From the listing below, restate word for word the lines from the line containing "联欢会除了由丰富的节目表演,还设有趣味盎" down through the line containing "Je snadno ovladatelný". Exclude pictures.

- [LISTED RECORDS]
<<<<
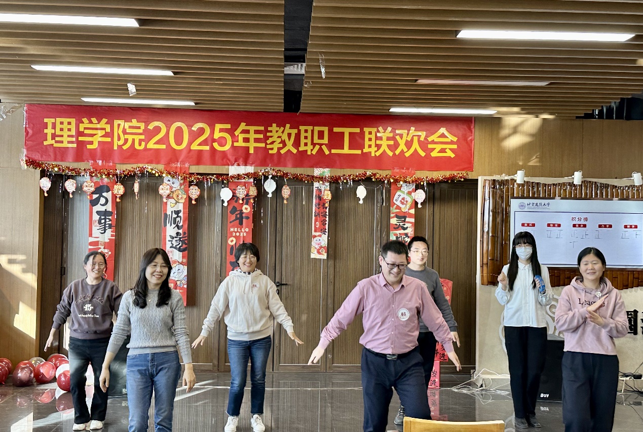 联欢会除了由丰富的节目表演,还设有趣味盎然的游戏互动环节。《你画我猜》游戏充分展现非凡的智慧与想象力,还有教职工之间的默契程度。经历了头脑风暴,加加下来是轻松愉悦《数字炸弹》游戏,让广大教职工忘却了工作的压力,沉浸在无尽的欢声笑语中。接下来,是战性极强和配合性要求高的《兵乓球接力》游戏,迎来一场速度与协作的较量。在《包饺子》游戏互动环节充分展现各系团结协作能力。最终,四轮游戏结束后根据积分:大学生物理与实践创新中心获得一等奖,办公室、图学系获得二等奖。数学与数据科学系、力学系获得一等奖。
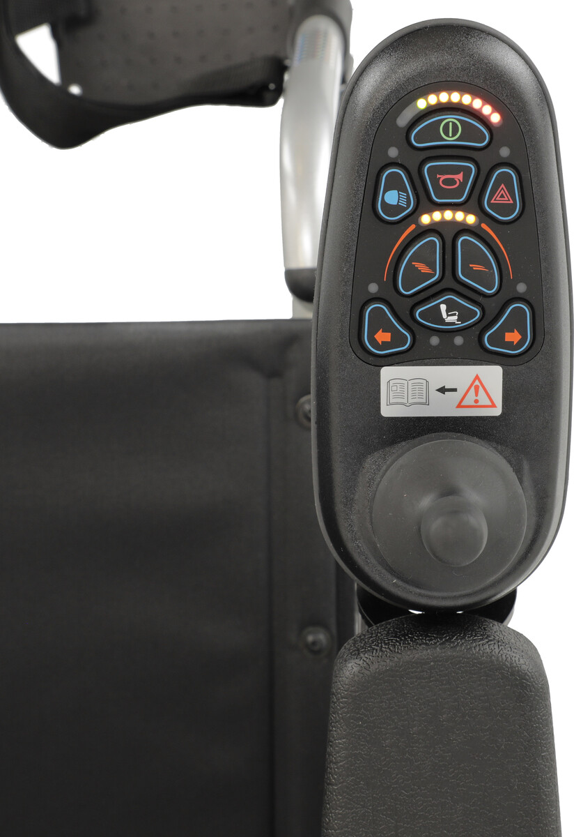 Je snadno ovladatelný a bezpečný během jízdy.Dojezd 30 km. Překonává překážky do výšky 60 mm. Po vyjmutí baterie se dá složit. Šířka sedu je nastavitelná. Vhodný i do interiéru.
>>>>
<<<<
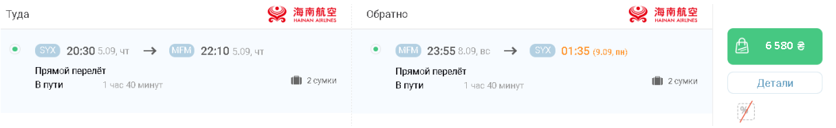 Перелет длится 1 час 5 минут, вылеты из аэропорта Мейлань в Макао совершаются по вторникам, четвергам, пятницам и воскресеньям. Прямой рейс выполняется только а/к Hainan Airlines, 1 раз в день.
>>>>
- [EXERCISE RESULT]
 联欢会除了由丰富的节目表演,还设有趣味盎然的游戏互动环节。《你画我猜》游戏充分展现非凡的智慧与想象力,还有教职工之间的默契程度。经历了头脑风暴,加加下来是轻松愉悦《数字炸弹》游戏,让广大教职工忘却了工作的压力,沉浸在无尽的欢声笑语中。接下来,是战性极强和配合性要求高的《兵乓球接力》游戏,迎来一场速度与协作的较量。在《包饺子》游戏互动环节充分展现各系团结协作能力。最终,四轮游戏结束后根据积分:大学生物理与实践创新中心获得一等奖,办公室、图学系获得二等奖。数学与数据科学系、力学系获得一等奖。
 Je snadno ovladatelný a bezpečný během jízdy.Dojezd 30 km. Překonává překážky do výšky 60 mm. Po vyjmutí baterie se dá složit. Šířka sedu je nastavitelná. Vhodný i do interiéru.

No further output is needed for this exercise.